WORK ORDER:
Every line of the listing below must be printed again exactly, apart from its pictures.

**** TASK DATA

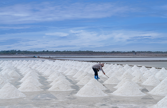 המקורות העיקריים של מלח שולחן הם האוקיינוסים והימים. אידוי וקצירת מלח ים | nymphoenix, Shutterstock
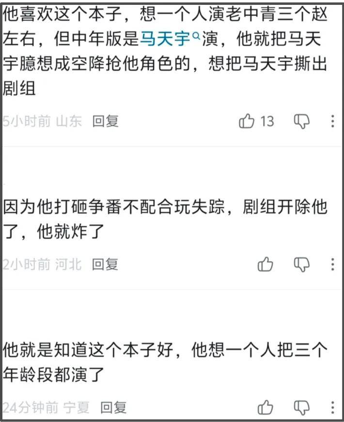 如今李明德引发的一系列风波彻底平息,他本人退了圈,参演剧集都换脸了,随着马天宇和《三人行》剧组再次提及李明德事件,网友猜测当初李明德的目的——他看上了马天宇在《三人行》中的角色,想要把人逼走自己演。
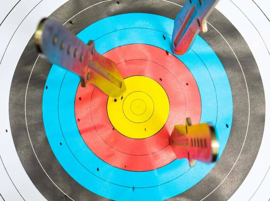 The Throwing Knife Magnum Ziel II was designed by John Bailey and is suitable for beginners as well as professionals. The Full Tang construction of 420 stainless steel is well balanced, guaranteeing every throw is a pleasure. The grooves and depressions have been produced strictly according to a pattern devised by Bailey. From the designs of the professional knife thrower John Bailey speak over 40 years of experience. The expert in the field has already published a variety of articles, including Blade Magazine, the American Survival Guide and the American Knife Thrower’s Alliance Newsletter. The set consists of three throwing knives and a combination sheath.
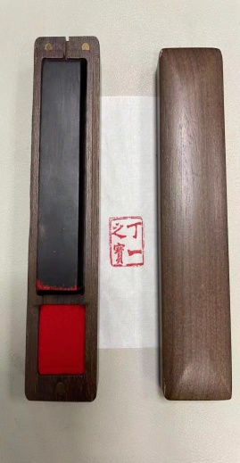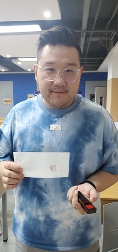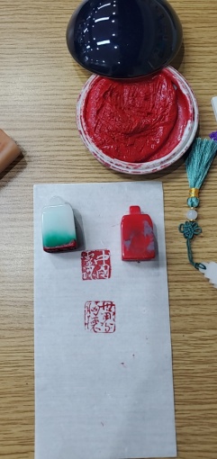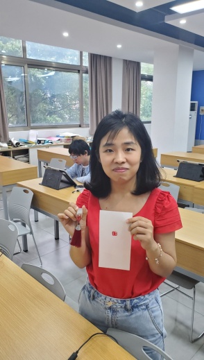 与此同时,大家在艺术组郑俊等老师和外请专家的指导下,大家陆续完成了印面的设计,然后传给篆刻机器,短短半小时刻好了4枚印章,大家拿到属于自己的印章都非常开心,纷纷拍照留念,沉浸在这种崭新的艺术与科技结合带来的美感中。
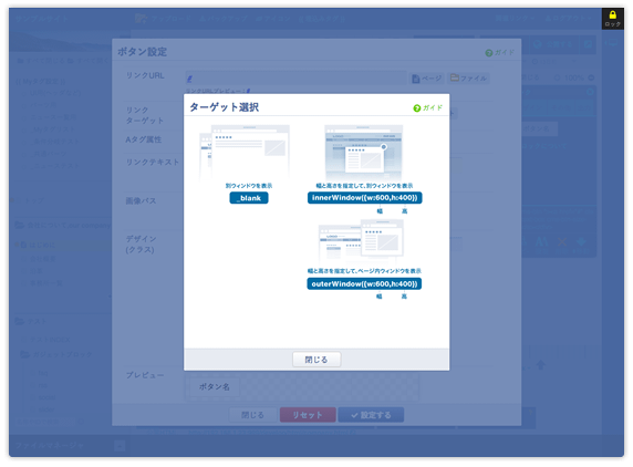 ボタンやリンク関連のウィンドウです。いろんなブロックから表示されるウィンドウです。
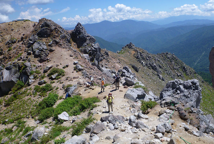 | 左天狗原 右上高地が見えました 鎖・梯子が終わりほっと | |
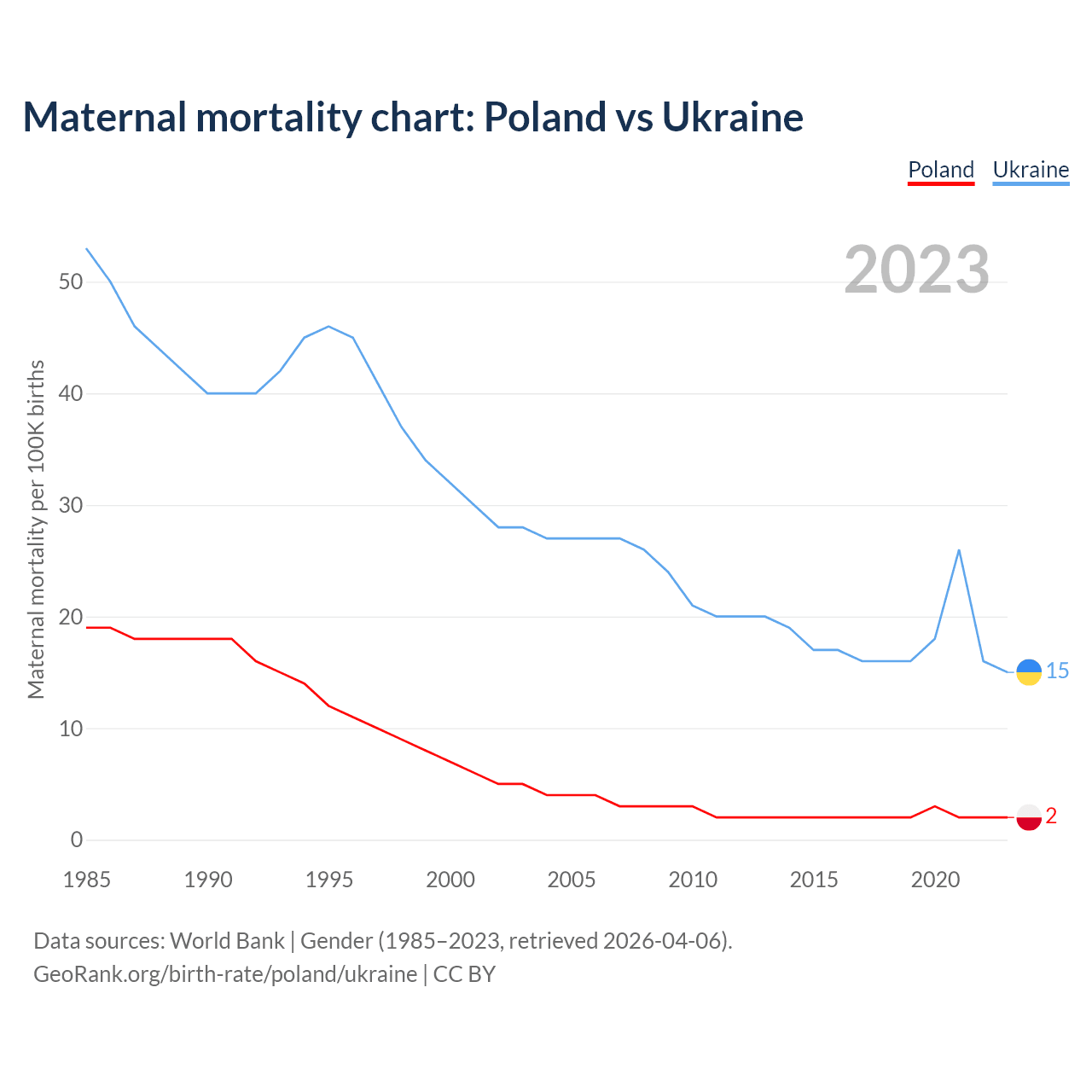 The maternal mortality rate, which is the probability of dying during childbirth or within 42 days of pregnancy termination, is 2 deaths per 100,000 live births in Poland, compared to 15 deaths in Ukraine.
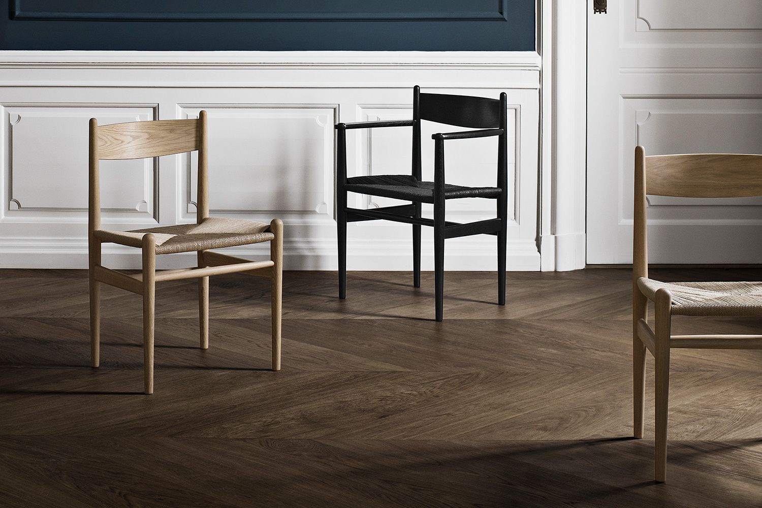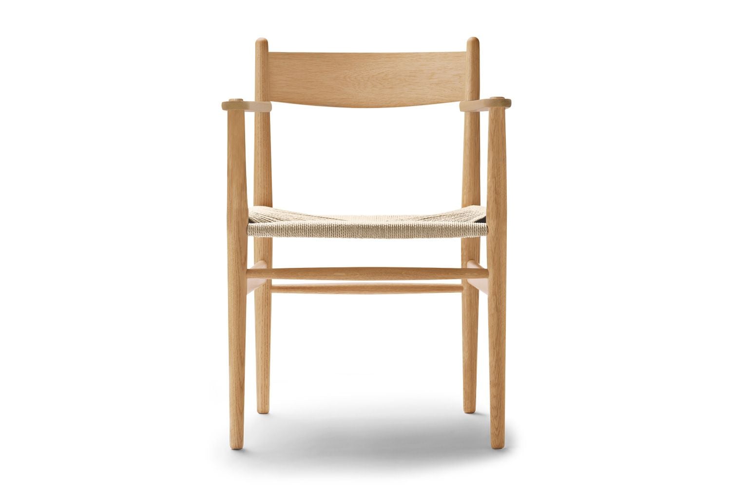 背もたれは、上部と下部のカーブを微妙に変えることで、より背のサポートを強化しています。さらに、繊細な印象を与えるフレームとアーム、そしてペーパーコードを施した美しい座面。いずれも世代を超えて、いつまでも心地よく使用できる耐久性を考慮し製作されています。CH37 アームチェアは、繊細なフォルムと優れた耐久性というコンビネーションを見事に成し遂げ、無類の使用感も相まって世代を超えて受け継がれていく椅子となっています。 アームレスバージョンCH36も用意されています。

********

EXPECTED ANSWER:
 המקורות העיקריים של מלח שולחן הם האוקיינוסים והימים. אידוי וקצירת מלח ים | nymphoenix, Shutterstock
 如今李明德引发的一系列风波彻底平息,他本人退了圈,参演剧集都换脸了,随着马天宇和《三人行》剧组再次提及李明德事件,网友猜测当初李明德的目的——他看上了马天宇在《三人行》中的角色,想要把人逼走自己演。
 The Throwing Knife Magnum Ziel II was designed by John Bailey and is suitable for beginners as well as professionals. The Full Tang construction of 420 stainless steel is well balanced, guaranteeing every throw is a pleasure. The grooves and depressions have been produced strictly according to a pattern devised by Bailey. From the designs of the professional knife thrower John Bailey speak over 40 years of experience. The expert in the field has already published a variety of articles, including Blade Magazine, the American Survival Guide and the American Knife Thrower’s Alliance Newsletter. The set consists of three throwing knives and a combination sheath.
 与此同时,大家在艺术组郑俊等老师和外请专家的指导下,大家陆续完成了印面的设计,然后传给篆刻机器,短短半小时刻好了4枚印章,大家拿到属于自己的印章都非常开心,纷纷拍照留念,沉浸在这种崭新的艺术与科技结合带来的美感中。
 ボタンやリンク関連のウィンドウです。いろんなブロックから表示されるウィンドウです。
 | 左天狗原 右上高地が見えました 鎖・梯子が終わりほっと | |
 The maternal mortality rate, which is the probability of dying during childbirth or within 42 days of pregnancy termination, is 2 deaths per 100,000 live births in Poland, compared to 15 deaths in Ukraine.
 背もたれは、上部と下部のカーブを微妙に変えることで、より背のサポートを強化しています。さらに、繊細な印象を与えるフレームとアーム、そしてペーパーコードを施した美しい座面。いずれも世代を超えて、いつまでも心地よく使用できる耐久性を考慮し製作されています。CH37 アームチェアは、繊細なフォルムと優れた耐久性というコンビネーションを見事に成し遂げ、無類の使用感も相まって世代を超えて受け継がれていく椅子となっています。 アームレスバージョンCH36も用意されています。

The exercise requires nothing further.